• Exercise objective: With the pictures removed, write out the data below exactly.

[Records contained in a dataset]

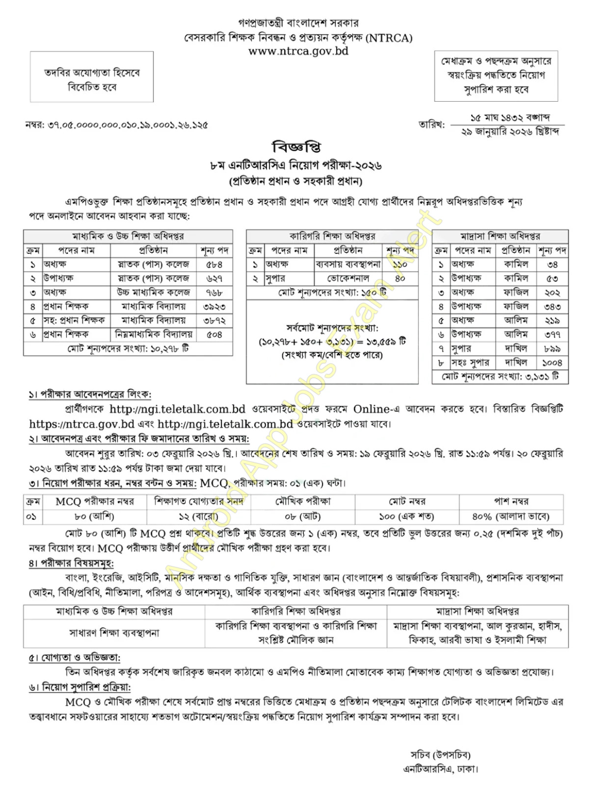 বেসরকারি শিক্ষক নিবন্ধন ও প্রত্যয়ন কর্তৃপক্ষ (NTRCA Job Circular 2026) বেসরকারি শিক্ষা প্রতিষ্ঠানসমূহে (স্কুল, কলেজ, মাদ্রাসা ও কারিগরি) প্রতিষ্ঠান প্রধান ও সহকারী প্রধান পদে নিয়োগের জন্য ‘৮ম এনটিআরসিএ বিজ্ঞপ্তি-২০২৬’ প্রকাশ করেছে। এই বিজ্ঞপ্তির মাধ্যমে মোট ১৩,৫৯৯টি শূন্য পদে নিয়োগ সুপারিশ করা হবে।
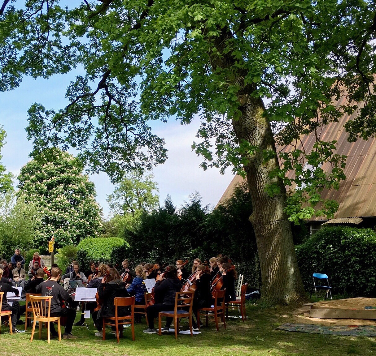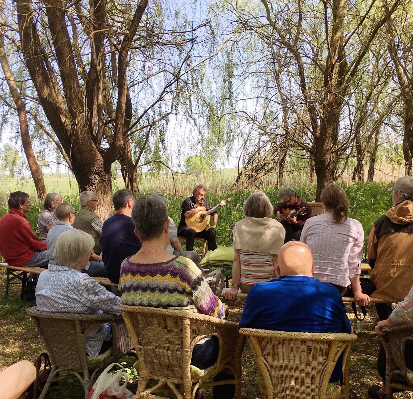 The students have already started their recital by the time I arrive - they have set up under a tree. I find a good vantage point and settle in to listen. I can tell they are students - there are a few off notes but all in all they are not too bad.
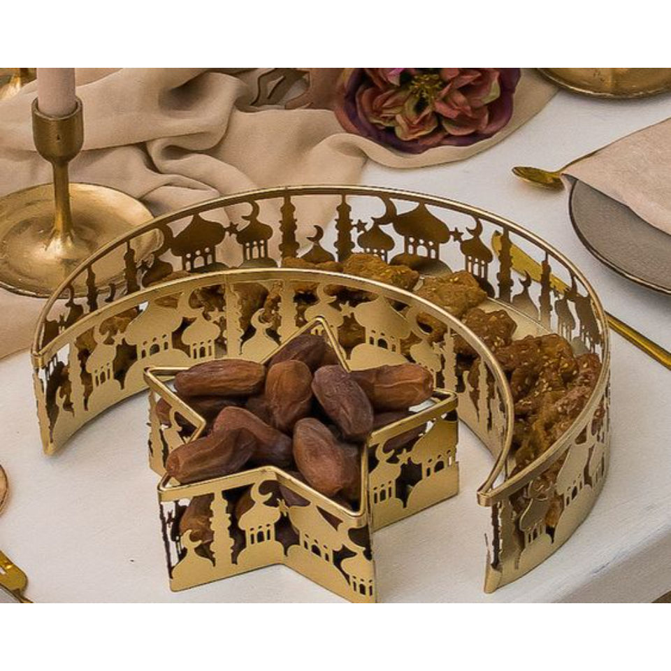 Ramadan Buffet Tray Round Ramadan Celebration Tray Eid Al-Fitr Ornaments Set of 3 Ramadan Tray by Indian Metal World
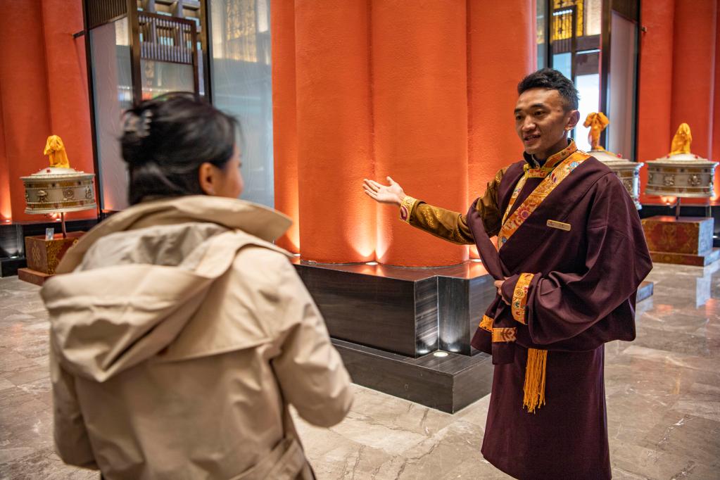 在魯朗恒大酒店,旦增正在引導客人(4月2日攝)。新華社記者 孫非 攝
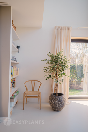 Onze kunstplanten zijn nauwelijks van echt te onderscheiden dankzij het gebruik van hoogwaardig polyester en stammen van echt hout, wat zorgt voor een natuurlijke uitstraling. Ze vergen weinig onderhoud; af en toe afnemen met een zachte borstel of vochtige doek houdt ze fris en mooi. Met een levensduur van 10 tot 15 jaar zijn onze kunstplanten bovendien een duurzame en langdurige keuze.
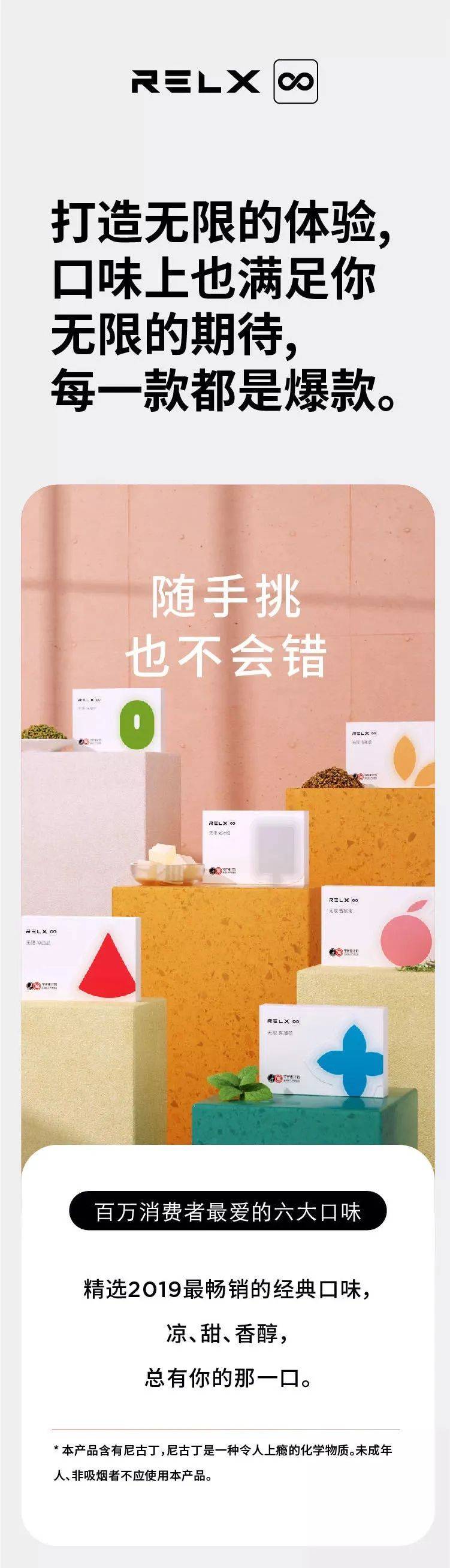 悦刻无限的口味基调与一代很类似,精选2019年最畅销的经典口味,凉,甜,香醇,总有你的那一口。
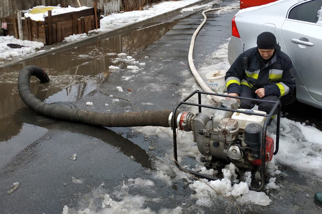 Особовим складом пожежно-рятувального підрозділу за допомогою мотопомпи «Honda WT-40X» відкачано воду з підтопленої території до каналізаційної мережі міста.
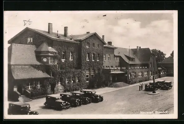 AK Neuwied, Bahnhof mit Autos
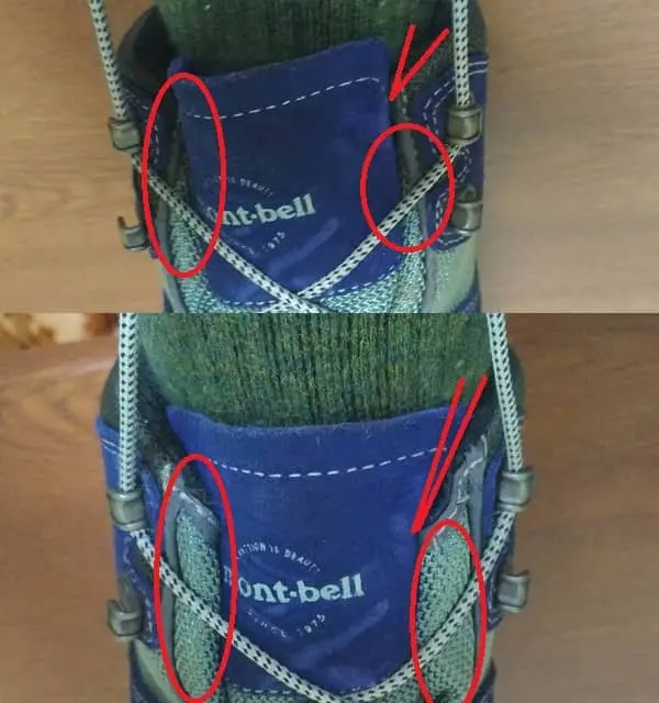 モンベルさん曰く、「タンが脛に当たる。」という顧客の声を聴き、歩くときに邪魔にならないように変更したようです。

• Answer space:
 বেসরকারি শিক্ষক নিবন্ধন ও প্রত্যয়ন কর্তৃপক্ষ (NTRCA Job Circular 2026) বেসরকারি শিক্ষা প্রতিষ্ঠানসমূহে (স্কুল, কলেজ, মাদ্রাসা ও কারিগরি) প্রতিষ্ঠান প্রধান ও সহকারী প্রধান পদে নিয়োগের জন্য ‘৮ম এনটিআরসিএ বিজ্ঞপ্তি-২০২৬’ প্রকাশ করেছে। এই বিজ্ঞপ্তির মাধ্যমে মোট ১৩,৫৯৯টি শূন্য পদে নিয়োগ সুপারিশ করা হবে।
 The students have already started their recital by the time I arrive - they have set up under a tree. I find a good vantage point and settle in to listen. I can tell they are students - there are a few off notes but all in all they are not too bad.
 Ramadan Buffet Tray Round Ramadan Celebration Tray Eid Al-Fitr Ornaments Set of 3 Ramadan Tray by Indian Metal World
 在魯朗恒大酒店,旦增正在引導客人(4月2日攝)。新華社記者 孫非 攝
 Onze kunstplanten zijn nauwelijks van echt te onderscheiden dankzij het gebruik van hoogwaardig polyester en stammen van echt hout, wat zorgt voor een natuurlijke uitstraling. Ze vergen weinig onderhoud; af en toe afnemen met een zachte borstel of vochtige doek houdt ze fris en mooi. Met een levensduur van 10 tot 15 jaar zijn onze kunstplanten bovendien een duurzame en langdurige keuze.
 悦刻无限的口味基调与一代很类似,精选2019年最畅销的经典口味,凉,甜,香醇,总有你的那一口。
 Особовим складом пожежно-рятувального підрозділу за допомогою мотопомпи «Honda WT-40X» відкачано воду з підтопленої території до каналізаційної мережі міста.
 AK Neuwied, Bahnhof mit Autos
 モンベルさん曰く、「タンが脛に当たる。」という顧客の声を聴き、歩くときに邪魔にならないように変更したようです。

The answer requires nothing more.